# How do you remove Torsion Bars



## tcrote5516 (Sep 30, 2006)

I am at the point where I need to remove the torsion bars. I assume they are just splined on each end but if somone could give a quick walkthrough on the removal of them from the truck, and the removal of the end piece that the adjuster will need to go on the new bar. I just have no clue, and dont want to break anything. Im shure there is a better tecnique then bashing them with a hammer. They are severly rusted! (like everything else) Thank you !!!


----------



## 88pathoffroad (Jun 6, 2004)

The adjuster has a c-clip on it that needs to be removed before it will come off. Other than that, spray all bolts and splined ends with PB Blaster (not WD-40) first, then just take 'em apart. I'm assuming you have a 87-95 Pathfinder? The 96-ups have struts, no torsion bars.

Loosen tension on the adjusters after jacking up and supporting the front end, then take 'er apart. It's about as simple as it looks.

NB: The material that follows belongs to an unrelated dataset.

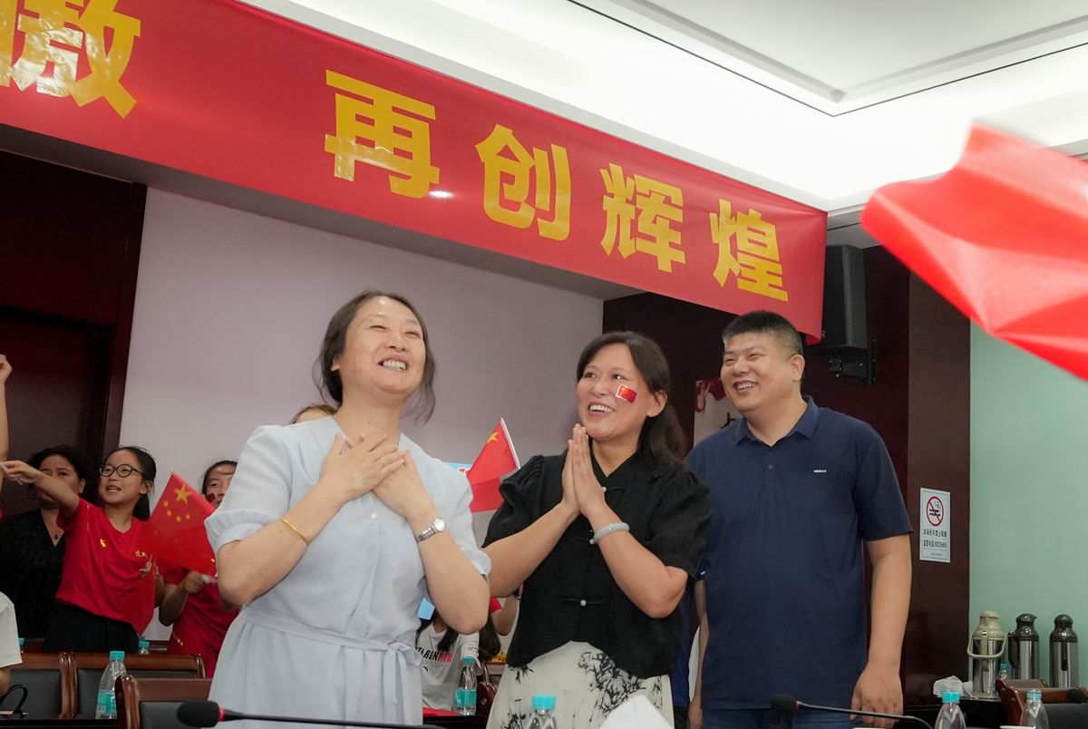 10日晚7时许,在市全民健身中心,郝婷的父母郝厚斌、葛中霞来到观赛现场。市艺术体操队、市快乐体操队的小运动员们,一同前来观赛,周边的市民朋友也纷纷赶来,为郝婷和队友们隔空助威,共同见证这一激动人心的时刻。“千万里之外的我们为中国队呐喊,为姑娘们取得的成绩感到骄傲!”市民刘女士表示。

The adjusters will come out of the crossmember pretty easily if you wrangle them around a little.


----------



## tcrote5516 (Sep 30, 2006)

88pathoffroad said:


> The adjuster has a c-clip on it that needs to be removed before it will come off. Other than that, spray all bolts and splined ends with PB Blaster (not WD-40) first, then just take 'em apart. I'm assuming you have a 87-95 Pathfinder? The 96-ups have struts, no torsion bars.
> 
> Loosen tension on the adjusters after jacking up and supporting the front end, then take 'er apart. It's about as simple as it looks. The adjusters will come out of the crossmember pretty easily if you wrangle them around a little.


Awesome, thank you very much. Yes its a 95 (same one as the rotted frame project thread) thank you again for your help. Yes I am taking pictures. Its gonna be a complete transformation. It was ready for the junkyard, it will turn heads when I'm done...thats the plan anyway...lol


----------